Royal Navy Forces Test Their Abilities in Complex Manoeuvres

Royal Navy Forces Test Their Abilities in Complex Manoeuvres

Royal Navy air and sea power combined on the sands of Cornwall at the weekend as a large scale beach landing was played out in Carlyon Bay. The ‘wader exercise’ – a landing in slow time – tested the ability of the forces involved in the key Cougar deployment to work together on complex manoeuvres before the task group sails to the Mediterranean imminently.

For among the various manoeuvres played out on the sands near St Austell – in front of rather surprised locals – one apparently not exercised by green bereted engineers in a decade: the art of military bridge building.

An RAF Chinook ferried parts of the bridge from the large ferry/military transporter MV Hartland Point to the shore, where the sappers of 24 Commando Engineer Regiment – the specialist Army unit attached to 3 Commando Brigade to provide the marines with battlefield pioneers – pieced the sections together.

The engineers were joined on the training exercise by their Army comrades of 29 Commando Regiment RA – the brigade’s artillery support – with 4 Assault Squadron RM from flagship HMS Bulwark providing the assortment of landing and assault craft.

The bridge-building was just one element of the ‘wader exercise’ – basically an amphibious assault played out in slow time to make sure that all the many different aspects of the landing ran smoothly.

It’s been a year since the Royal Navy and Royal Marines have carried out a large-scale amphibious exercise and with large-scale landings serving as the crux the major deployment of the year, Cougar 12, in the Mediterranean, a ‘refresher’ was needed; hence the training in Carlyon Bay.

There is no more complex manoeuvre in warfare than moving men and machines from ship to shore, whether by boat or by aircraft.

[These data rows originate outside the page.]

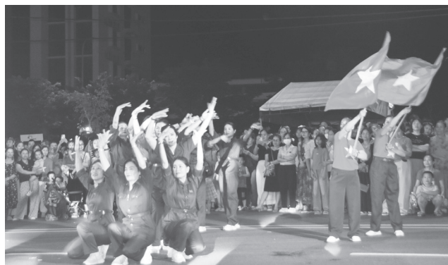
Các tiết mục dân vũ thu hút đông đảo người xem

Đây là lần đầu tiên chuỗi hoạt động tri ân, văn hóa cộng đồng được địa phương tổ chức quy mô, bài bản, với các hoạt động ý nghĩa, như: Lễ dâng hoa, dâng hương, thả hoa đăng trên sông Hiếu tri ân các anh hùng liệt sĩ; bài trí không gian âm thực truyền thống với hơn 60 gian hàng ẩm thực đặc trưng của địa phương và các sản phẩm OCOP; chương trình văn nghệ với chủ đề "Vang mãi bản hùng ca non sông"; các hoạt động nghệ thuật đường phố, trình diễn áo dài truyền thống; giao lưu dân vũ, khiêu vũ, âm nhạc cộng đồng và đốt lửa sinh hoạt truyền thống... Tất cả các hoạt động sôi nổi trên đã tạo nên một không gian văn hóa cộng đồng đặc sắc, hấp dẫn, mang đậm dấu ấn của quê hương Đông Hà.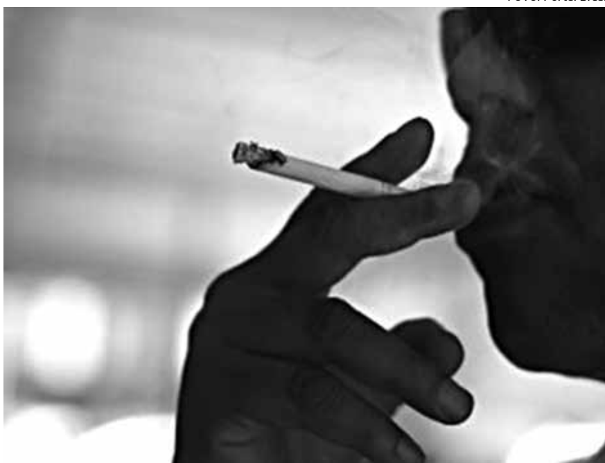
Custos de tratamento de doenças provocadas pelo tabaco chegam a R$ 21 bilhões

Segundo as autoras do estudo, com base em evidências científicas e por meio de firmes decisões políticas, há quase três décadas o Brasil vem implementando um conjunto de medidas de controle do tabaco efetivas e abrangentes. Entre essas políticas destacam-se: a proibição da publicidade de produtos derivados de tabaco; a obrigatoriedade de impressão de imagens e frases de advertência sobre os malefícios para a saúde nas embalagens dos produtos;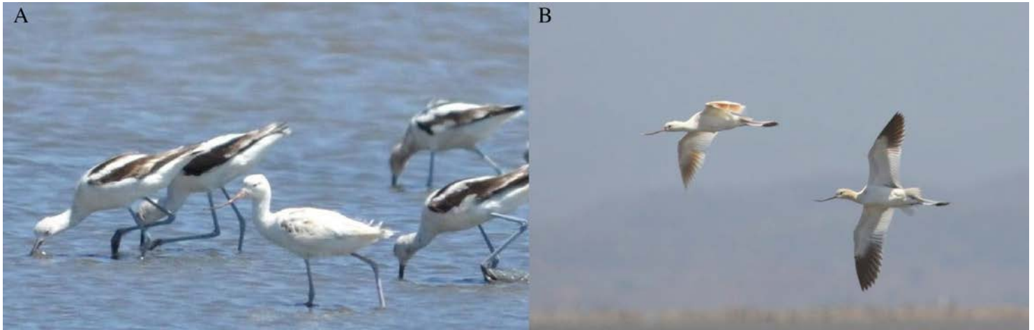
Figuras 1A y 1B. Avoceta americana hembra ( Recurvirostra americana ) con mutación marrón, el 6 de abril de 2012, laguna El Chumbeño, Marismas Nacionales, Nayarit, México.

especies de aves, no descritas para el occidente de México: cuatro casos de encanecimiento progresivo, y posteriormente exponemos dos tipos de mutaciones: marrón e ino. Las observaciones están descritas en orden cronológico, desde la más antigua a la más reciente. Cabe señalar que si bien existe un reporte previo para una de las observaciones (Ayala-Pérez et al. 2013), consideramos pertinente discutirlo.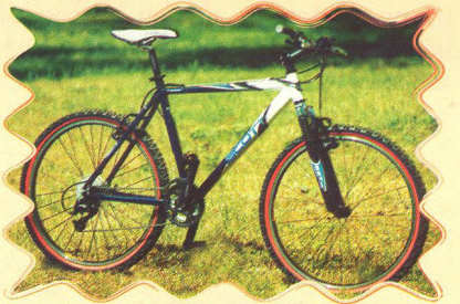
SCOTT - VAIL 47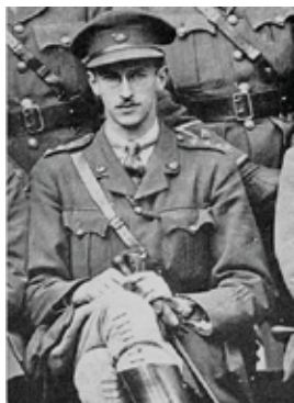
Sir B.H. Liddel Hart en uniforme de capitaine pendant la Seconde guerre mondiale.

Réformateur, il souleva plus d'opposition que s'il s'en était tenu à son rôle de chef. Ses convictions passionnées se heurtaient avec impatience à la lenteur des esprits et aux opinions contradictoires. En public, son sentiment de l'évènement historique et la touche dramatique dont il aimait auréoler les actes de commandant le portaient à susciter les enthousiasmes, ce qui pouvait amener, et ce qui effectivement amena ceux qui y étaient insensibles ou lui étaient hostiles, à le juger théâtral et vaniteux.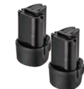
バッテリーパック SI-B1212LA(2個)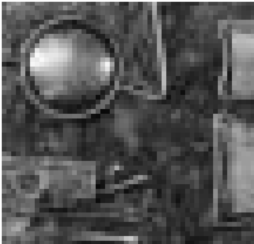
leurs bijoux et tableaux à la Galerie Armand Gaasch à Dudelange jusqu'au 20 décembre.

Bildenden Künste Saar, Saarbrücken, Cloître Lucien Wercollier im Kulturzentrum Abtei Neumünster (28, rue Münster, Tel. 26 20 52-1), bis zum 3.1.2010, täglich 11h - 18h.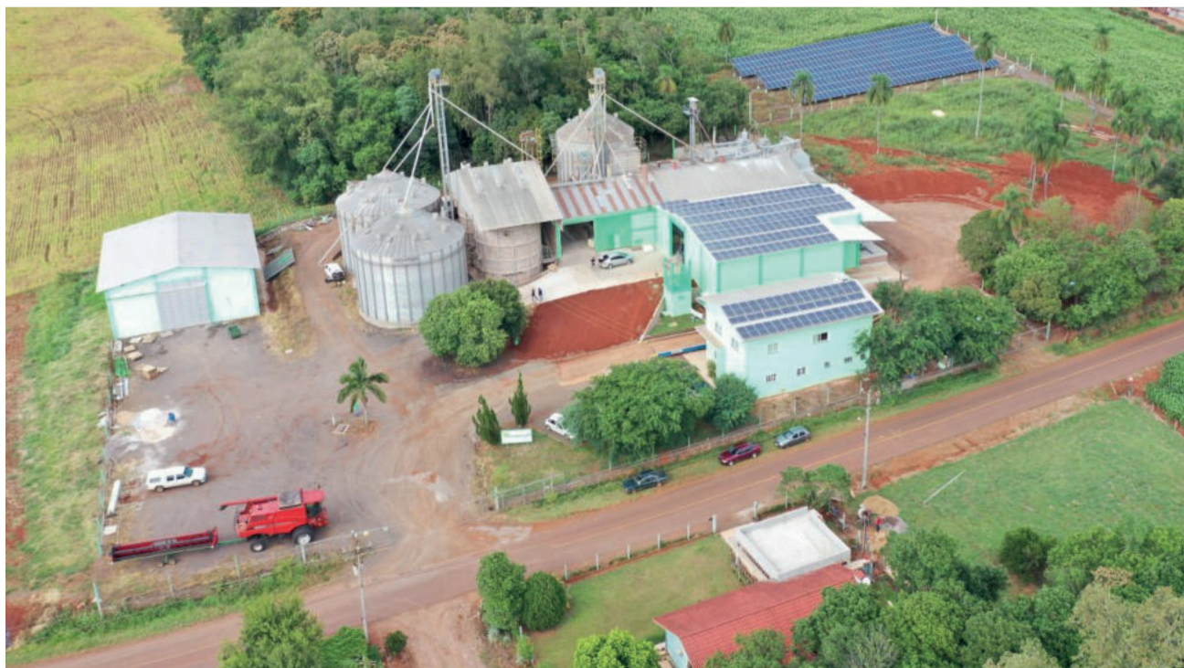
Fábrica de Rações da Cooperagri opera na capacidade máxima

The deck of HMS Illustrious throbbed with Apache gunships and commando Sea Kings flying on and off the deck all day.

The former provided the aerial punch, the latter the cold steel, ferrying the men of 45 Commando ashore.

Lusty is home to around 140 green berets, who arrived in incongruous red ‘goon bags’ – the immersion suits worn to keep them warm and dry should their helicopter be forced to ditch – and quickly got changed into combats ready for the assault.

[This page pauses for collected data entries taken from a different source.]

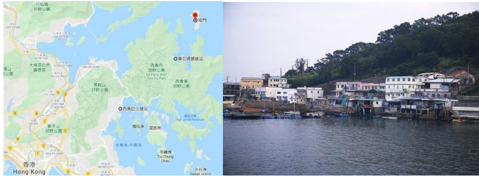
位于香港新界东北的塔门岛

我对初一、十五的印象非常深刻，因为我小时候已对初一十五留下深刻的印象。大家也知道我的家乡是西贡大浪村，其实我还有一个第二家乡，因为我小时候曾经在塔门居住，我的爷爷是中医师，在塔门开了药材铺，我小学3年级曾住在塔门，在塔门继续读书。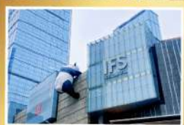
แพนด้ายักษ์จีนดิค IFS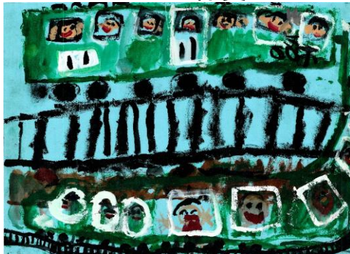
「でんしゃにのって どこまでも」 おざき かなめ 尾崎 要 (日岡保育園 年長)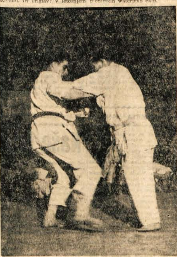
Stare (desno) je bil največkrat zmagovalec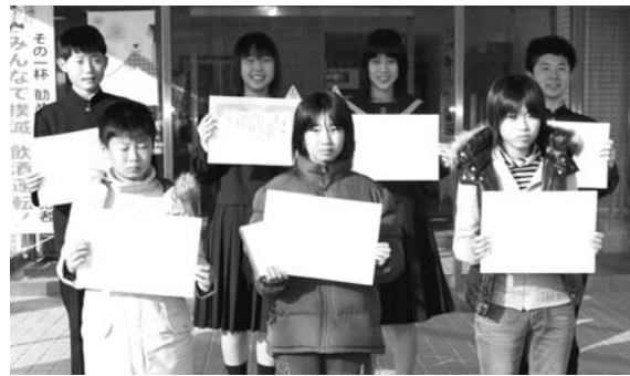
▲添田警察署で表彰を受けた7人

クローズ・アップ Close-up! — school guard leader — vol.12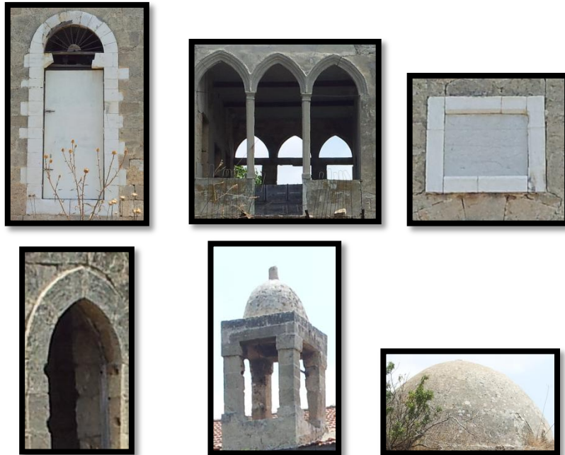
חפשו בכפר את הפרטים הבאים:

במקום עיירת העולים שלומי היה בעבר הכפר באסה (בצה). תושבי הכפר הנוצרים, שהיו רוב אוכלוסיתו, רצו בשלום עם השכנים היהודים החדשים. חנן, חבר קיבוץ מצובה, שהיה שומר השדות בימים ההם, מספר כי בדרך כלל היו יחסי שכנות טובים בין תושבי הכפר לישובים. היה מסחר הדדי, בנאי באסה לימדו את אנשי המשקים לבנות באבן מקומית, אנשי באסה באו למשקים לביקורי חג, והללו השיבו להם ביקורים בימי חג נוצרי ומוסלמי. עם קום המדינה הושיבו בשלומי קבוצת יוגוסלבים ואחרי כן תימנים, כדי שיתפרנסו בה מחקלאות. אחר שהתברר שאין האדמות מספיקות לקיבוצים הותיקים ולמושבים החדשים שהוקמו באותו זמן, נעשתה באסה לעיירת עולים מצפון אפריקה. בין עכו לראש הניקרה, יהודה אריאל, עמ' 44-45

The carrier was designed as a launchpad for Harriers and submarine-hunting Sea Kings 35 or so years ago; as she’s not a bespoke commando carrier, a little improvisation is required when it comes to organising a beach assault.

So the floor of the wardroom was cleared and turned into a planning room with paper models of Lusty and other ships in the Cougar force, white sheets marked with gaffer tape depicted the ‘battlefield’ and black bits of card denoted units.